In 1920, the Supreme Council of Allied Powers met in San Remo, Italy to resolve many of these claims. The Supreme Council dealt with the Jewish people’s claim to an area referred to as “Palestine” that is now the State of Israel. The Arabs also presented their claims.
The title to the Land of Israel was resolved in favor of the Jewish people and the 1920 San Remo Resolution was adopted and unanimously confirmed by the Council of the League of Nations in 1922. By virtue thereof, the resolution became an international agreement, binding on all the member countries. The same resolution provided for the establishment of the nations of Syria and Iraq.
The resolution granted recognition to “the historical connection of the Jewish people with Palestine and to the grounds for reconstituting their national home in that country.” It effectively recognized the Jewish people as the indigenous people of Palestine for over 3,500 years and rejected the claims of others. This demolishes the false claim that Jews are just modern-day colonialists.
It should be noted that the resolution did not purport to grant the Jewish people a newly minted right to Palestine. Instead, recognition was given to the “grounds for” reconstituting the Jews’ national home there as a preexisting legal right. It also referred to the area of the Palestine Mandate (now known as Israel), as a country. Sovereignty was vested in the Jewish people and under Article 5 could not be ceded to anyone else.
The United States recognized the foregoing in the 1924 Anglo-American Convention.
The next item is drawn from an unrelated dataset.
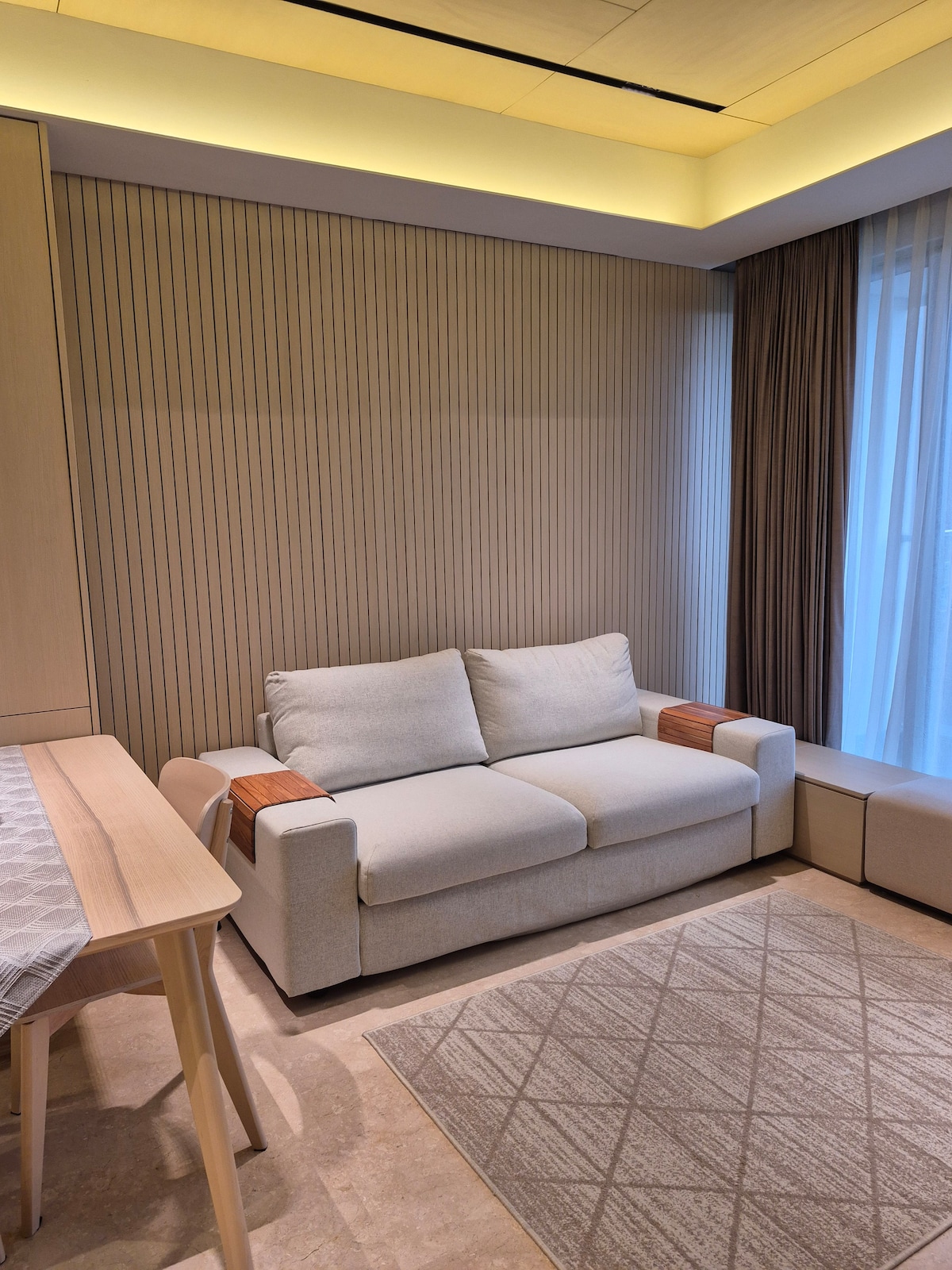 Pasitraukite į ramią oazę, kur švarios linijos, natūralios medžiagos ir harmoninga spalvų paletė sukuria ramybės jausmą. Šis apgalvotai suprojektuotas Airbnb yra paprastumo ir funkcionalumo uostas, siūlantis ramų pabėgimą nuo miesto šurmulio. Turėdami tiesioginę prieigą prie prekybos centro „Central Park Mall“, esate vos už kelių žingsnių nuo prekybos, valgymo ir pramogų pasaulio. Nesvarbu, ar esate nusiteikę apsipirkti, ar pasivaikščioti Džakartos akvariume, viskas yra prie jūsų durų.
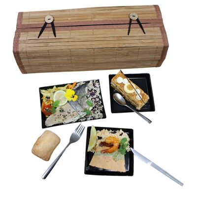 - Notre Co’frais Retour du Marché se modernise : une natte en bambou, des assiettes en pulpe de canne, pour un design novateur et une démarche plus RSE.

As a treaty ratified by the Senate, the convention is the “supreme law of the land’ under Article VI of the U.S. Constitution. The rights granted under the treaty to the Jewish people are also codified under Article 70 of the Vienna Convention on the Law of Treaties.
Interestingly, when the British illegally adopted the White Paper in 1939 restricting immigration by Jews to then-Mandatory Palestine, a bipartisan majority of the House Foreign Affairs Committee urged the State Department to protest the move as a violation of the 1924 Anglo-American Treaty. President Franklin D. Roosevelt later stated that the United States disapproved of the White Paper and reaffirmed support for the recreation of a Jewish commonwealth in the Land of Israel.
Beginning on the night of June 4, we celebrate the 57th anniversary of the liberation and reunification of Jerusalem. May Israel soon defeat the evil that is Hamas and return the hostages and valiant soldiers of the IDF home safely. Am Yisrael Chai.